My life has been invaded by sailing.

First Greg painted me a rock. This has only happened once in our 16 years of marriage. He painted an oval rock blue and then painted a tiny sailboat on it and wrote ZINA on one sail and YOUNG on the other. On the back side he painted a plus sign to remind me to be of good cheer and to have a positive attitude while I'm sailing. [I included the story he read me with the rock at the end of this post.] Many times a week when I start to get catatonic from life's paralyzing pressures Greg tells me to SAIL AROUND THE ROCKS.

Then I saw this and put it on the fridge; the gallery for my important things.

Then my mom and dad let us kids take turns picking things that my grandparents left behind and there was a tin of vintage buttons. I told Suz she could have them all if I could just have the one anchor button. She also wanted the anchor button since her husband sails but luckily she wanted the whole tin more. Ever the perfect older sister she let me have it.

Then I saw this quote:

We can't direct the wind, but we can adjust the sails. For maximum happiness, peace, and contentment, may we choose a positive attitude. -Thomas S. Monson

Last but not least Dr. Bailey, who is stronger than Atlas and nicer than George Bailey, put me in my place last Monday. I have one remaining week of his 12-week back strengthening regime. He pulled me aside to prescribe one final exercise to my already lengthy list. The addition? To be more positive about my situation. He told me that from this point on I must never say that I'm too old for a baby, that my body is junk, or that I'm weak. He told me that my negativity might prevent me from getting what I want. Beyond my 90 minutes of pool work and stretches and PT I have to wake up and smile each morning and tell myself I'm stronger than I was yesterday. I have to kiss Greg every day and tell him he's going to be a great father again soon. I have to write notes to myself around the house reminding me that I'm going to make a great mother again soon. And I have to visualize our guest room as a nursery and start acting like this baby is coming soon. Even though I don't really know when soon is.

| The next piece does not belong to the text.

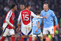 Það myndaðist smá hiti og atvikið var skoðað í VAR en ákveðið var að grípa ekki inn í. Eftir leik sagði Gabriel svo að Arsenal væri að bíða eftir því að City kæmi í heimsókn á þeirra völl.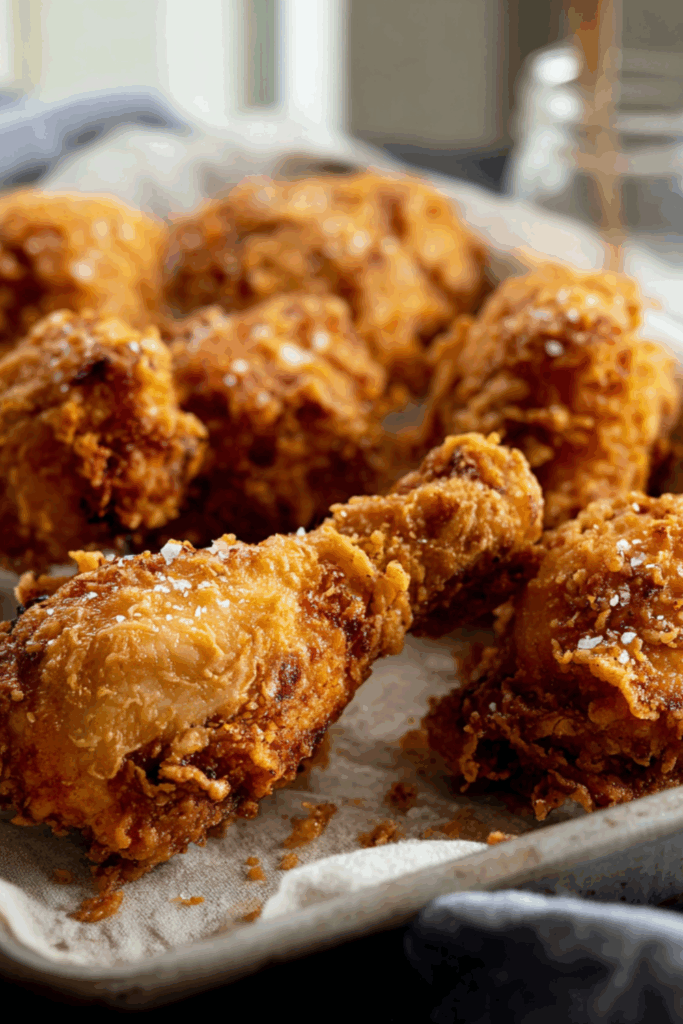 Crispy, golden Southern fried chicken soaked in buttermilk and hot sauce, with a craggy, seasoned crust that crackles with every bite.

I have no problem with the imagine a nursery part since I'm refinishing a vanity for it. I also permanently daydream about the perfect color to coat the existing robin egg blue with. The bottom drawer of my nightstand is full of items for the baby: the music box from Paris, Wilson, the nail scissors my mom used on me, and a bar of Swedish egg white soap in a tiny cardboard box with tulips on it. RE wants me to start crocheting our baby a blankie out of grey yarn with cream velvet edging. Sounds good to me. Should I be humbled that last night my daughter read me a scripture about faith and reminded me that faith is to hope for things which are not seen that are true? Faith is also an anchor to the souls of men*. Faith is my anchor.

I know that opposition is a necessary part of life. Without it I wouldn't have the opportunity to use my faith to choose happiness...including happinesses that can't be seen. I know that I need jagged rocks on my horizon and that my skin needs to be wind-whipped by foam. Sadly, sometimes this sailor only remembers she has an anchor at her disposal when her battered boat is groaning and the tempest is scaring her to death.

My anchor can help me hunker down until the storm passes, and the storm always passes. My anchor can hold me steady while I gain composure for upcoming maritime mazes. My anchor likes to be hoisted on deck to join me for a salty ride and it stays safely on board while I happily adjust my sails in the sunshine.

It's oxymoronic, but somehow my anchor even helps me SAIL AROUND THE ROCKS.

 

 

[The Story Greg Gave Me]

After experiencing sickness, crop failure, and the death of her parents, pioneer Zina Young was encouraged with a spiritual experience that changed her attitude. While attempting to seek divine help, she heard her mother’s voice: “Zina, any sailor can steer on a smooth sea, when rocks appear, sail around them.” A prayer came quickly: “O Father in heaven, help me to be a good sailor, that my heart shall not break on the rocks of grief” (“Mother,” The Young Woman’s Journal, Jan. 1911, 45). It is often difficult to change circumstances, but a positive attitude can help lift discouragement. -quoted by Elder Val R. Christensen, "Overcoming Discouragement"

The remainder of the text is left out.